For the Aditya Birla Sun Life Tax Plan, it is way above 2%. For the Aditya Birla Sun Life Tax Relief 96 it is close to 1% in direct funds.
So, as an investor, it is a wise decision to switch based on expense ration if one isn’t paying exit load or Long Term Capital Gains Tax.
The Top ELSS Funds for 2019
Let us get back to the process of best tax saving fund for 2019.
We start with ValueResearchOnline’s 4 and 5 star rated direct ELSS funds. Arrange them in decreasing order of the asset under management by each fund. Now we have the top ELSS tax saving funds:
For me, the best fund is the one that has the least expense ratio. The next thing to consider is, in 2019 and beyond, I expect Pharma, IT and FMCG sector to do well. So funds with more exposure to IT, Pharma and FMCG sector.
Mirae Asset Tax Saver Fund
Mirae Asset Tax Saver Fund – Direct has the lowest expense ratio and is the preferred choice of fund for investing in 2019. Because of tighter guidelines for the funds to stick to the benchmark as well as defining the parameters of benchmarking, expense ratio will be one of the critical factors in the fund’s performance going forward.
On top of that, it has good exposure to the FMCG sector which I expect to do well in the coming months and years to come.
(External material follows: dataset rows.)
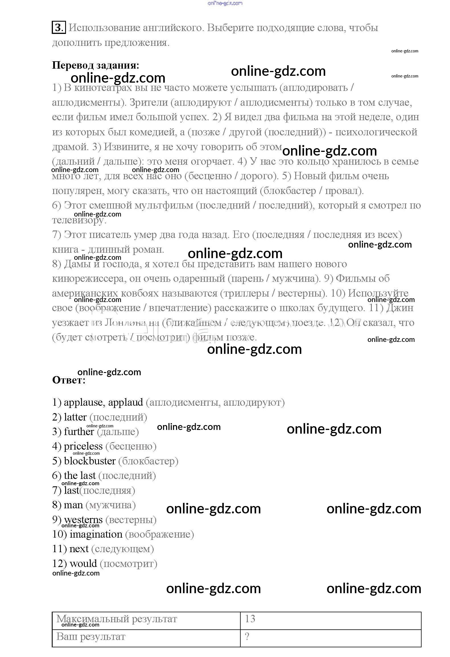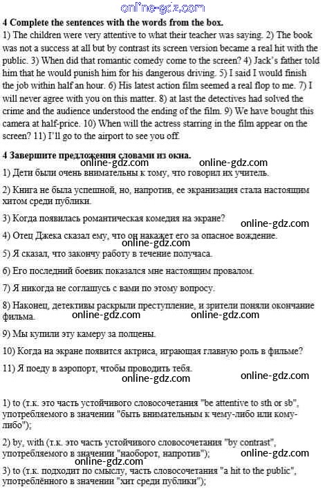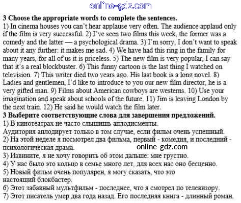 Готовые домашние задания по Английскому языку за 8 класс Учебник Афанасьева, Михеева Rainbow 2016 - Step 10 Unit 3. Performing arts: cinema 3
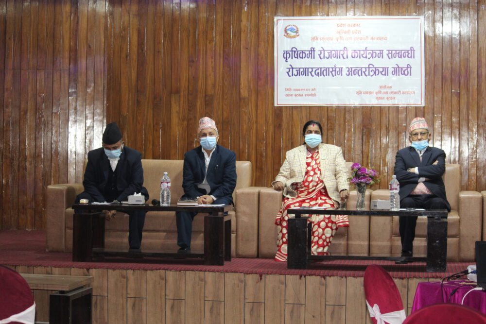 अन्तरक्रिया कार्यक्रममा बोल्दै लुम्बिनी प्रदेशका भुमि व्यवस्था कृषि तथा सहकारी मन्त्री आरती पौडेलले कृषि कर्मी रोजगार कार्यक्रममले कृषि क्षेत्रमा ठुलो परिर्वतन ल्याउने बताईन ।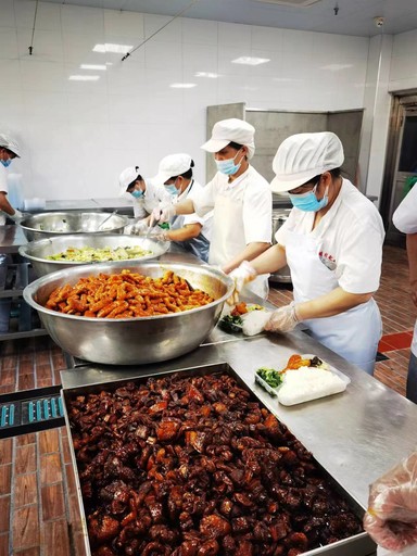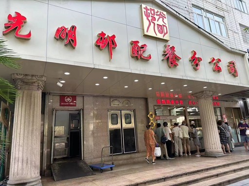 拥有鲜肉月饼、招牌熟食熏鱼、上海本帮酱鸭等特产的“光明邨”是上海家喻户晓的老字号餐饮品牌之一。位于鲁班路上的光明邨配餐分公司成立于2011年,是由政府投资建设、国企承担运营的一家老年助餐配餐中心,之前负责黄浦区4个街道的助老午餐。2022年,黄浦区民政局将之升级为老年助餐“中央厨房”,为全区10个街道的老年人提供上门送餐服务,每天大约服务3000位老年人。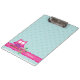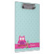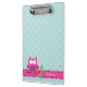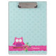 Personalised clipboard featuring a little pink cartoon owl sitting on a branch with green leaves and hot pink flowers. Fun design for girls, customisable name and aqua dots.

Aditya Birla Sun Life Tax Relief 96
The next best fund is Aditya Birla Sun Life Tax Relief 96 because it aligns to my view of more exposure to the healthcare sector allocation.
It was my preferred choice of the fund in 2018 it continues to be part of my best ELSS tax saving fund list.
How has The Best ELSS Tax Saving Funds for 2018 Performed?
My choices of funds were:
- Aditya Birla Sun Life Tax Relief 96: It has been slightly less than the benchmark indices, but it is because the healthcare sector which was expected to perform well in 2018 hasn’t. But I am hopeful it will happen in 2019.
- Motilal Oswal MOSt Focused Long-Term Fund: It is merged with Motilal Oswal Long-Term Equity Fund now. Hasn’t performed well and has given a negative return for the past year of close to 9%.
Though the best 2018 ELSS funds have underperformed, the underperformance hasn’t been very negative in 2018. So going forward, the investment done in 2018 is going to perform in the next couple of years for sure.
Final Thoughts
My choice of fund is not an endorsement that you should invest only in the above mention funds. I have shared the complete process I used to find the best performing ELSS tax saving fund for 2019 which aligns with my views. Feel free to apply your opinions or any other criteria of your choice.
Just make sure to invest in the direct funds and aren’t selecting a fund because someone has recommended it to you.
pradeep says
Shabbir – what is your take on Axis. The fund did very well in the bull run and not too badly in the slump. The large corpus is worrying but i am presuming that the impact in ELSS will be lesser than an open ended fund because the fund manger has a better sense of th max redemption pressure that he can be subject to. I have refrained from withdrawing from this fund though my 03 years is over because the preformanceis above average
Shabbir Bhimani says
It’s good if you don’t redeem and the fund is good but then it all depends on the sectoral exposure of the fund and your views about those sectors. If they align, it is worth investing.
Kn says
I am eagerly waiting for your other articles discussing best Large cap, mid cap, multi cap fund etc for 2019. Please publish those issues asap. I want to make changes in my ecisting MF portfolio, so your articles will help.